Cross-posted from a14y.dev

Summary

Ship a markdown mirror and a real meta description first. Skip the agent-skills directory for now.

We took a14y.dev, toggled each of its 11 agent-readiness features on and off, and measured what each one is worth to an AI agent doing a real retrieval task. For Claude, the full discovery layer cuts token use about 47%, and a markdown mirror alone does most of that. But the features do not simply add up: some substitute for each other, one (the agent-skills directory) actively makes things worse, and a judge re-grade found the answers stayed exactly as accurate. The features make the agent faster and more efficient, not smarter. We ran the same probe through Codex and Cursor too, but only Claude’s runs were cleanly instrumented enough to quantify, which is a finding in itself (more on that below).

Metric Result
Full layer (Claude) −47% tokens
Best single feature −48.6% (md-mirrors)
Answer quality flat, ~75/100 across all variants

The question

The a14y scorecard rewards a long list of agent-readiness features. A fair question for any site owner with finite time: which of them actually pay off, and do they stack or just overlap? So we ablated them. Starting from a stripped site, we added each feature alone to see what it buys (call it sparse). Then, starting from a fully featured site, we removed each feature one at a time to see what it costs (dense). The gap between those two numbers is where the interesting behavior lives.

One caveat belongs up front, not in a footnote: this is a black box, and it is moving fast. None of these signals is a ratified web standard. llms.txt, for instance, is a good idea, not a spec, and it does not look like most agents go hunting for it on their own. But if an agent does encounter it, because you linked it, referenced it in robots.txt, or told the agent to look, it can help a lot. So read these results as a snapshot of how today’s agents behave with today’s signals, not as laws of nature. They will shift as the agents do.

Methodology

A focused retrieval probe run against 24 builds of the same site, each exposing a different subset of a14y’s features, across three coding agents.

Field Value
Probe 5 fact-retrieval questions about a14y.dev (a scorecard version, specific check IDs, a threshold). The site’s discovery structure decides how much the agent has to crawl to answer.
Features 11 toggles: llms-txt, robots-txt, sitemap-xml, sitemap-md, agents-md, agent-skills, md-mirrors, canonical-link, meta-description, og-tags, json-ld
Variants baseline (all off), only-X (each feature alone), all-except-X (each removed from full), and all = 24 builds
Sparse vs dense Sparse = only-X vs baseline (what a feature buys from zero). Dense = all-except-X vs all (what removing it costs from a full site).
Runs 24 variants × 3 repeats = 72 runs
Agents Claude Code, Codex CLI, Cursor, and Gemini. Only Claude is reported (see Why this is Claude only).
Metrics Tokens per run (efficiency) and a judge re-grade of answer quality against canonical answers (effectiveness)
Date June 4, 2026

The matrix below is Claude. We also ran Codex and Cursor, but only Claude’s runs could be cleanly tied to the build we served, so every number on this page is Claude’s. The “Why this is Claude only” section explains what went wrong with the other two.
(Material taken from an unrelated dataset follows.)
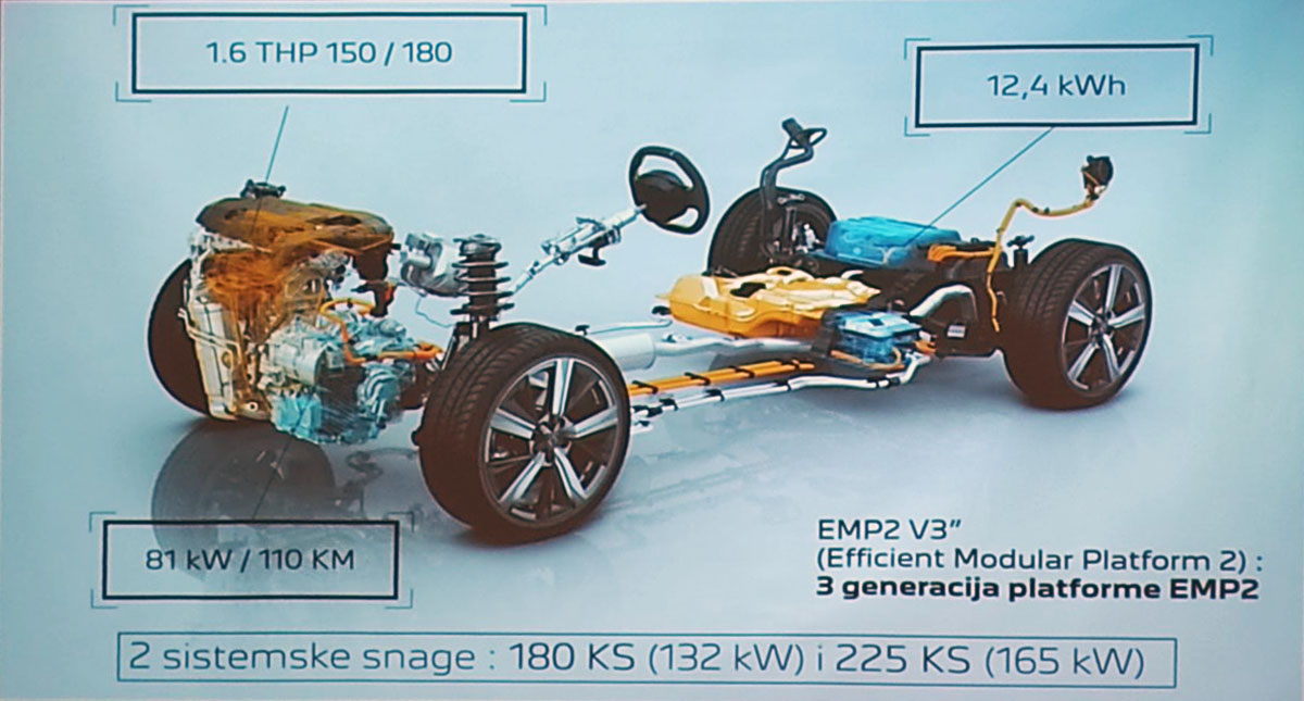Osim standardnih pogonskih sklopova u ponudi su dvije hibridne PHEV verzije. Obje verzije kombinuju 1.6 litreni turbo benzinski i električni motor, a u konačnici isporučuju 180 ili 225 KS, a okretni moment kod obje verzije iznosi 360 Nm. Oba modela isporučuju se isključivo sa 8-stepenim automatskim mjenjačem. Kapacitet baterije od 12,4 kWh prema WLTP normama osigurat će autonomiju čisto na električni pogon do 60 kilometara bez pomoći motora s unutrašnjim sagorijevanjem.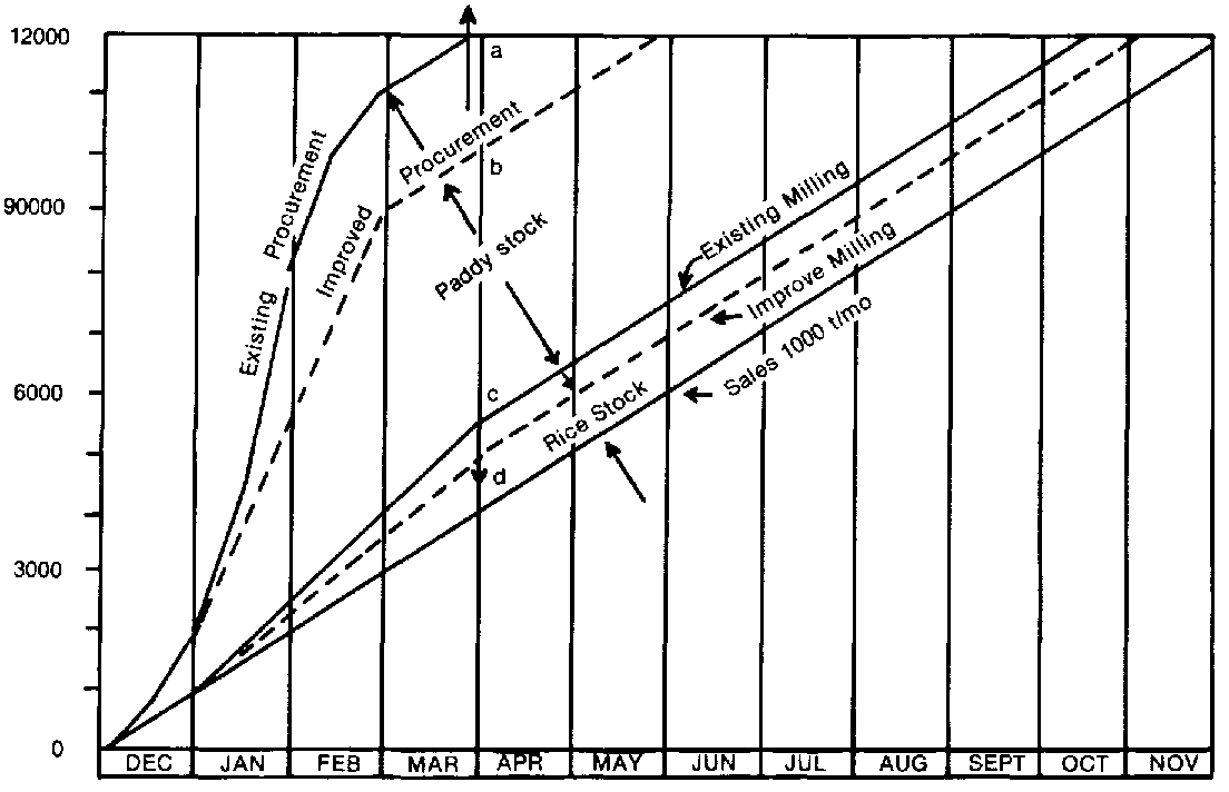 Sales of milled rice at 1000 metric tons per month would require 12,000 tons of paddy (in rice equivalent) to be procured by end of harvesting season.

What each feature is worth (Claude)

Token change for each feature, alone and removed-from-full. Negative is fewer tokens. The full layer saves 47%, but markdown mirrors alone save 48.6%, so the discovery features hit diminishing returns fast.

Feature Alone Removed Reading
md-mirrors -48.6% +10.3% Biggest win alone; partly substitutable in a full site
agents-md -45.5% -1.9% Huge alone, redundant once llms.txt + mirrors exist
meta-description -43.0% +43.3% Irreplaceable; nothing else substitutes for it
canonical-link -40.4% +13.0% Moderate marginal value
og-tags -40.0% +13.2% Moderate marginal value
agent-skills -35.1% -7.8% Helps alone, distracts when stacked
llms-txt -31.6% +25.4% Meaningful marginal value
sitemap-md -28.6% +12.2% Moderate marginal value
robots-txt -25.7% +23.7% Meaningful marginal value
json-ld -25.3% +6.5% Small marginal value
sitemap-xml -16.3% +3.8% Smallest effect

“Alone” is the feature added to a stripped site (sparse). “Removed” is the feature taken out of a full site (dense). A negative number for the Alone column means fewer tokens required with the feature. A positive number in the Removed column means more tokens required without the feature. A negative number in the Removed column means more tokens required with the feature.

Four findings

Markdown mirrors are the biggest single win

Alone, a markdown mirror cuts Claude’s tokens 48.6%, more than any other feature and more than the full layer combined. But remove it from a full site and the cost is only 10.3%, because llms.txt, sitemap.md, and a meta description can partly cover for it. Starting from zero, though, a mirror is the highest-impact thing you can ship.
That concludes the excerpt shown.